▶ ASSIGNMENT: Give each line of the records again exactly and omit every picture.

-------- DATA EXTRACTS

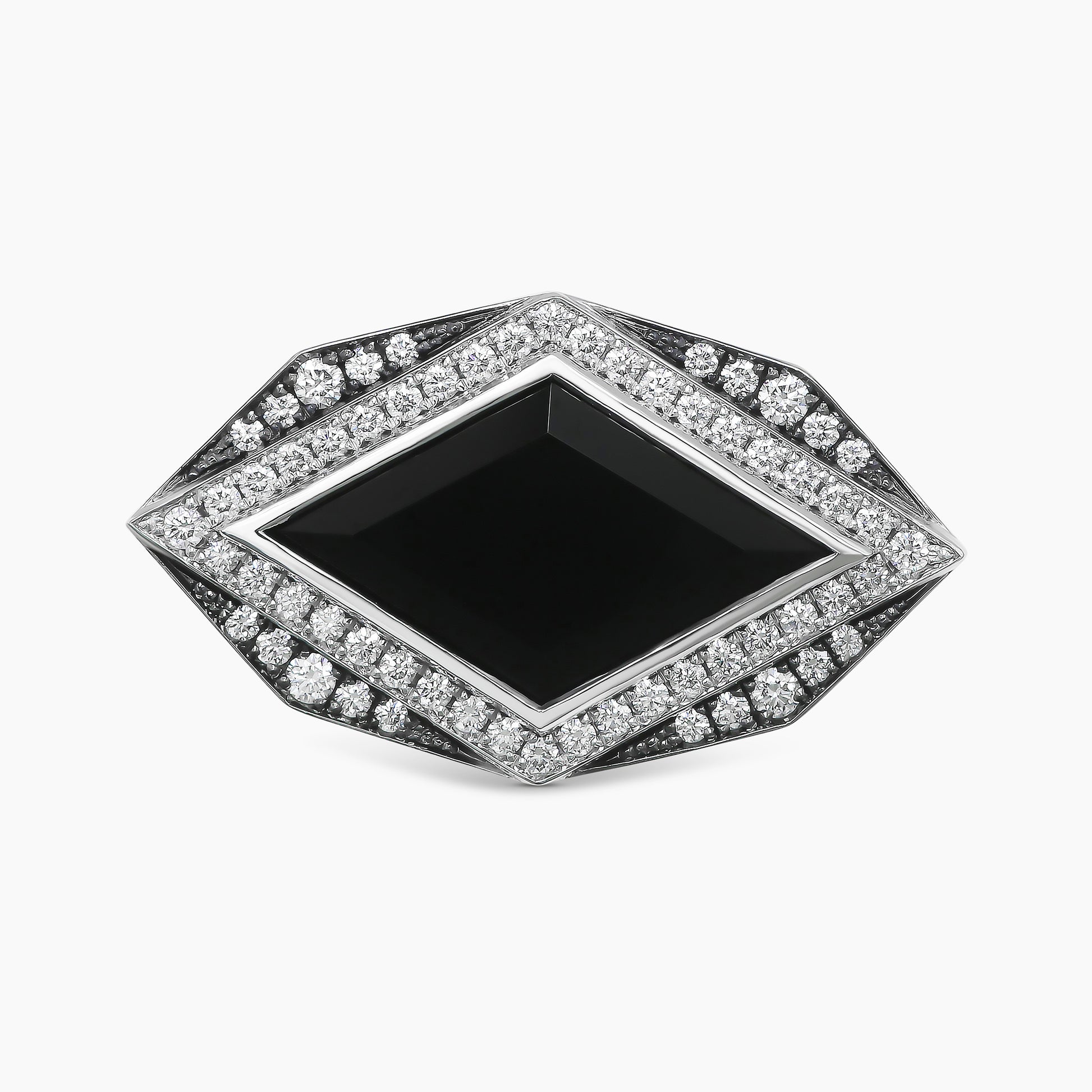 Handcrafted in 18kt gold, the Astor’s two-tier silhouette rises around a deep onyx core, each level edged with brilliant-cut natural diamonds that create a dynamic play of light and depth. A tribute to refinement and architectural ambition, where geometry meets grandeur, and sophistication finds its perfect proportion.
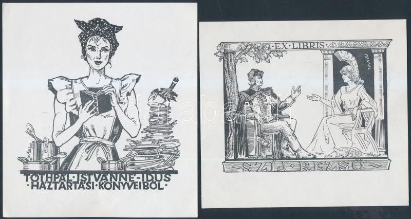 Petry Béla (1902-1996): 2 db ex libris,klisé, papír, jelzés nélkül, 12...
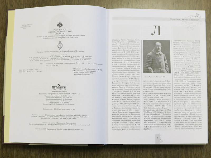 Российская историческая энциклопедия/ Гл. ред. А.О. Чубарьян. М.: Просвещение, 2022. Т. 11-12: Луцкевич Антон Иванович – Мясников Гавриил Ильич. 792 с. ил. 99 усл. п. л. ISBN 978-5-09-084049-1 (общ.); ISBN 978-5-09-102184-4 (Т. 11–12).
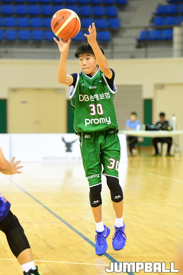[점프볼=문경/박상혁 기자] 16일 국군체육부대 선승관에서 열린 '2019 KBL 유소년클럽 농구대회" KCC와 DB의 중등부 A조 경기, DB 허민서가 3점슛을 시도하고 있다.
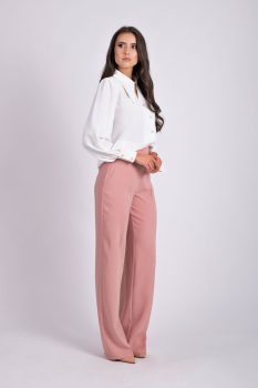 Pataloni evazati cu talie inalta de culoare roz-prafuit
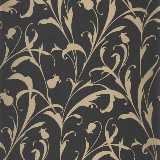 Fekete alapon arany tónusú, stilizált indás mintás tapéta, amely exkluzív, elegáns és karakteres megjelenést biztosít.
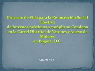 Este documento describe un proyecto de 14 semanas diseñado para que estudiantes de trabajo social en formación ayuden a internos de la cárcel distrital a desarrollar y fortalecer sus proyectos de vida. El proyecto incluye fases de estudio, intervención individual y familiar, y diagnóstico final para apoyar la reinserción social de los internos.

----------------

▶ ANSWER BOX:
 Handcrafted in 18kt gold, the Astor’s two-tier silhouette rises around a deep onyx core, each level edged with brilliant-cut natural diamonds that create a dynamic play of light and depth. A tribute to refinement and architectural ambition, where geometry meets grandeur, and sophistication finds its perfect proportion.
 Petry Béla (1902-1996): 2 db ex libris,klisé, papír, jelzés nélkül, 12...
 Российская историческая энциклопедия/ Гл. ред. А.О. Чубарьян. М.: Просвещение, 2022. Т. 11-12: Луцкевич Антон Иванович – Мясников Гавриил Ильич. 792 с. ил. 99 усл. п. л. ISBN 978-5-09-084049-1 (общ.); ISBN 978-5-09-102184-4 (Т. 11–12).
[점프볼=문경/박상혁 기자] 16일 국군체육부대 선승관에서 열린 '2019 KBL 유소년클럽 농구대회" KCC와 DB의 중등부 A조 경기, DB 허민서가 3점슛을 시도하고 있다.
 Pataloni evazati cu talie inalta de culoare roz-prafuit
 Fekete alapon arany tónusú, stilizált indás mintás tapéta, amely exkluzív, elegáns és karakteres megjelenést biztosít.
 Este documento describe un proyecto de 14 semanas diseñado para que estudiantes de trabajo social en formación ayuden a internos de la cárcel distrital a desarrollar y fortalecer sus proyectos de vida. El proyecto incluye fases de estudio, intervención individual y familiar, y diagnóstico final para apoyar la reinserción social de los internos.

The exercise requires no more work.